As for valuation, a veteran industry M&A executive, who did not want to be identified, says HighTower would be valued on its discounted cash flow.
Running a platform business, the executive cautioned, means constantly battling vendors to keep price points low so client RIAs don't buy directly from the vendors, who would be more than happy to have another customer.

In addition, the executive questioned the attractiveness of an IPO or a sale if it is not done during a bull market already eight years old "when the wind is at your back." With around $25 billion in AUM, the unanswered question regarding HighTower is the firm's valuation by Wall Street and attractiveness as "a salable entity" in the marketplace, according to the executive.

Other industry observers believe HighTower is on track to fulfill its promise as the exemplar of a thriving national RIA business that will satisfy the demands of the financial marketplace.

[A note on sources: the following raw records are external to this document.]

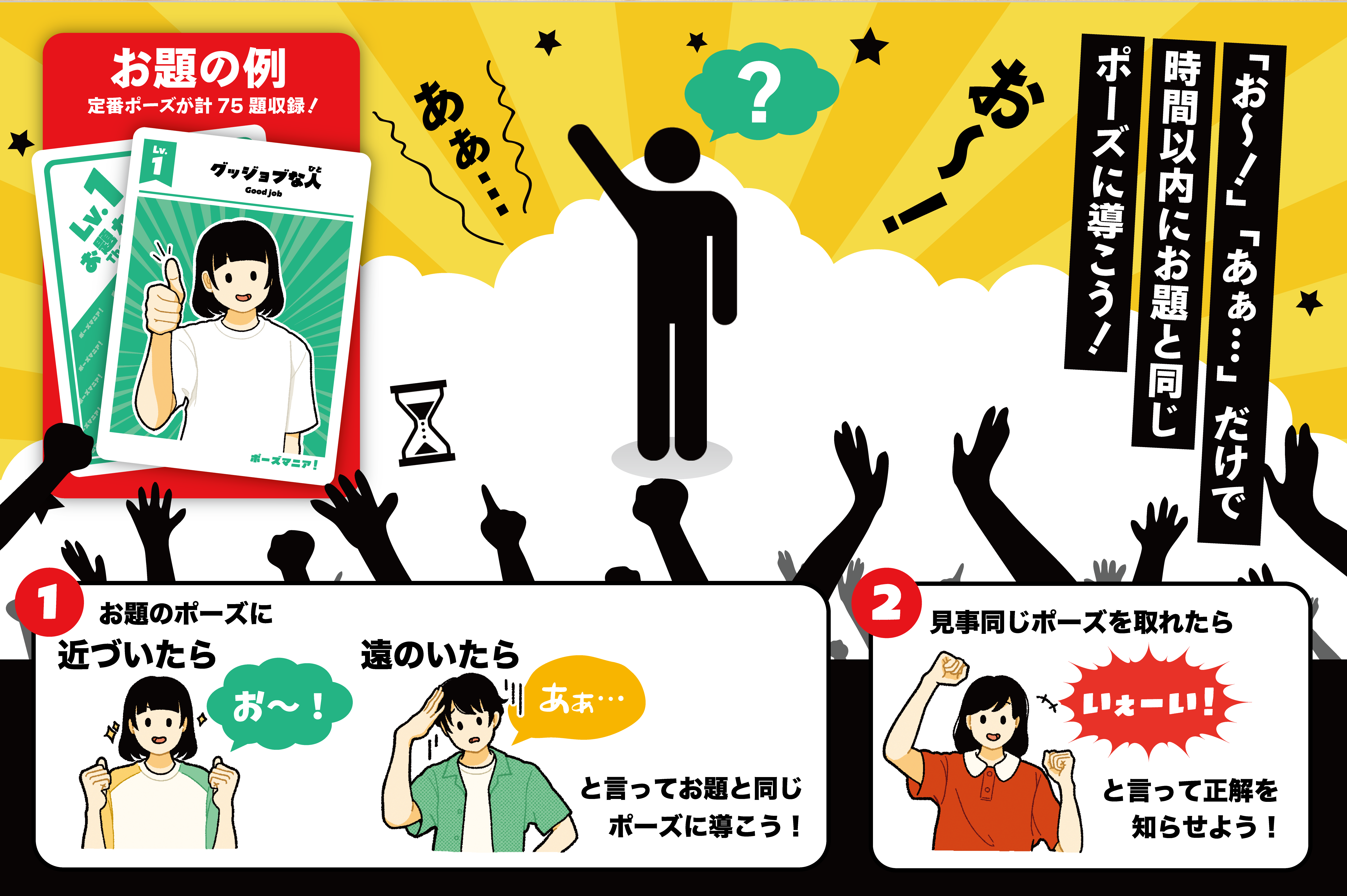 - 【両日K71】SNSにて遊んだ動画が400万回突破!!うるさすぎるパーティーゲーム『ポーズマニア!』絶賛予約受付中!
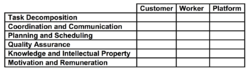 Crowdsourcing in general is a multifaceted research topic. The use of crowdsourcing in software development is associated with a number of key tension points, or facets, which should be considered (see the figure below). At the same time, research can be conducted from the perspective of the three key players in crowdsourcing: the customer, the worker, and the platform.[6]
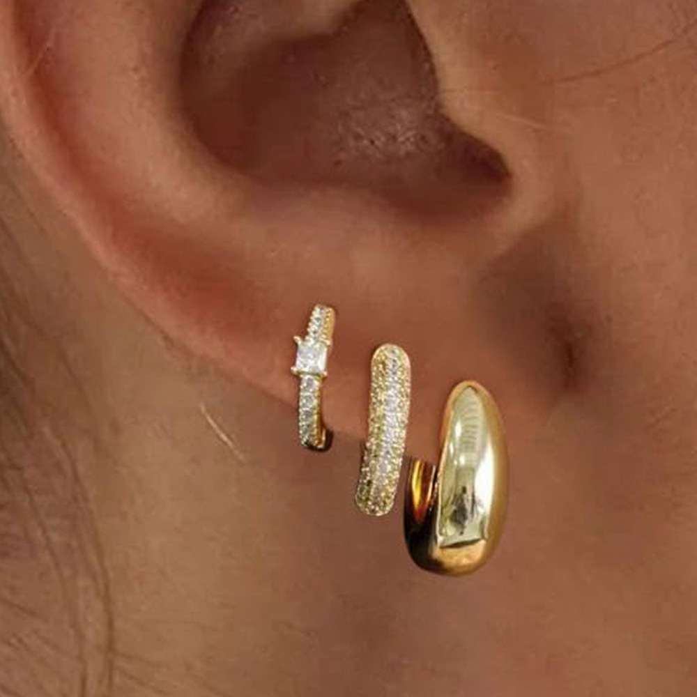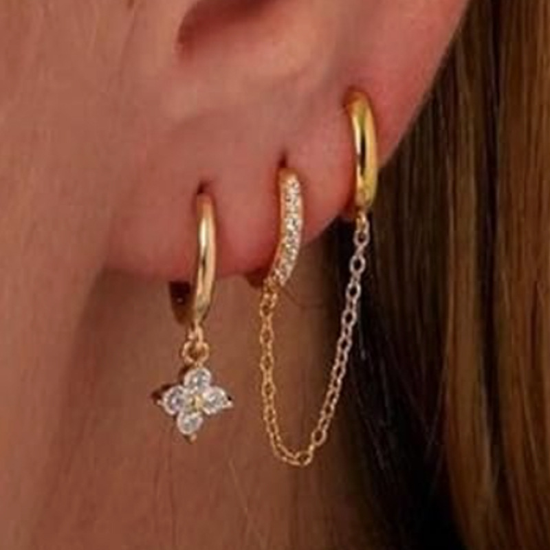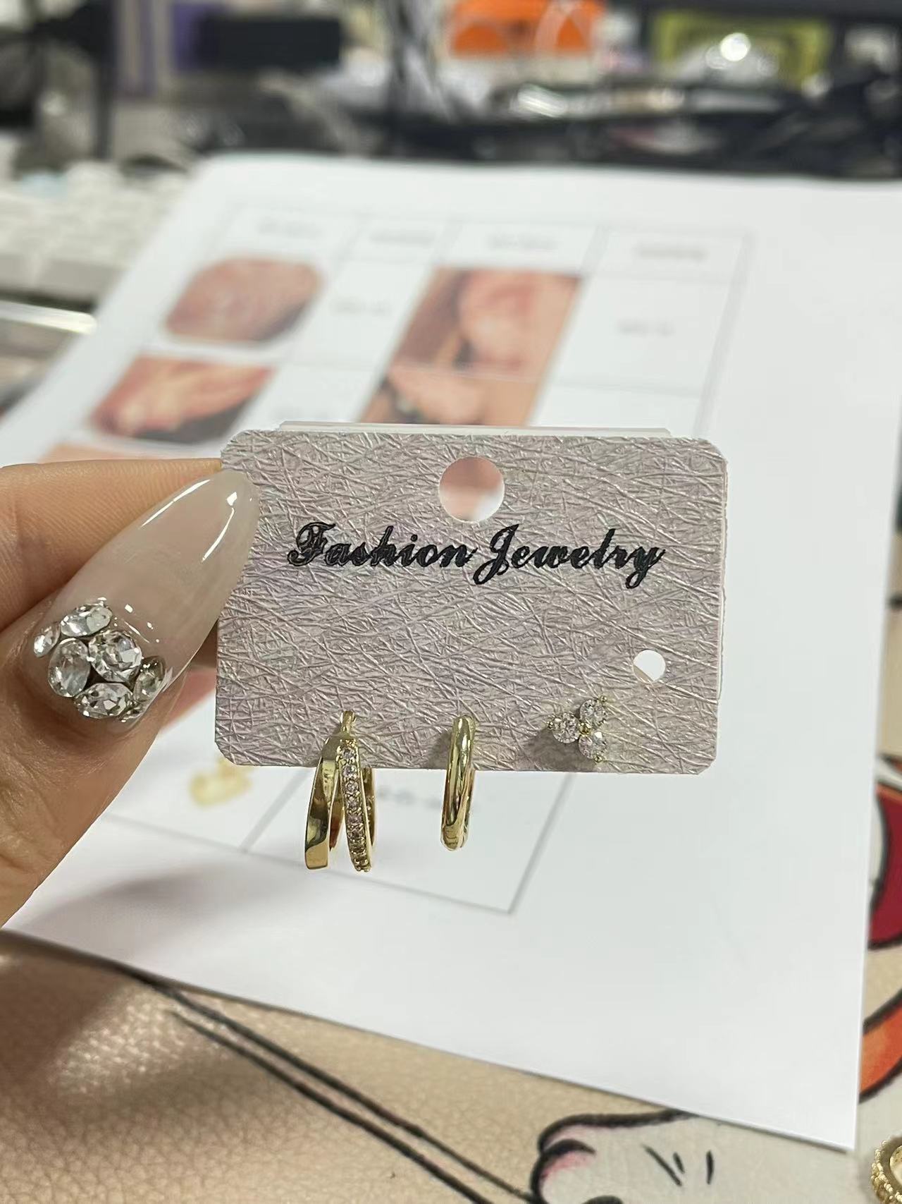 Color: Gold multi-piece set of 3 diamond-encrusted double water drop three-piece set

The clamor for a HighTower IPO is overstated, says Gladstone Associate's Billota.

Jeff Spears, the CEO of platform provider Sanctuary Wealth Services, which is winding down its operations next month, says HighTower has been smart to emphasize new lines of business. The original wirehouse breakaway model may have cost too much and be burdened by retention issues, Spears believes. Platform services and RIA acquisitions, especially backed by capital many competitors don't have, "make the most sense for profitable growth," he says.

The clamor for a HighTower IPO is overstated, says Gladstone Associate's Billota.

"If I were a shareholder of HighTower, I wouldn't get the willies if they didn't go public," he says. "If they continue to execute their business plan, private equity can be pretty darn valuable. On Wall Street, this is a nano-cap business. And if you create shareholder value without going public, what's wrong with that?"

Longtime industry analyst Pirker thinks HighTower is "sitting in a very good spot."

The company has built a strong brand, he says, and has an advantage in the competitive platform outsourcing business because it operates its own business on the platform. "It gives them street cred," Pirker says. "Prospects see that they eat their own cooking."

Pirker also thinks HighTower's enterprise value has been greatly enhanced by building and running an impressive infrastructure. As for the end game, Pirker thinks Weissbluth's third option, a strategic partner, is the most probable.

"A strategic fit," he predicts, "will be found."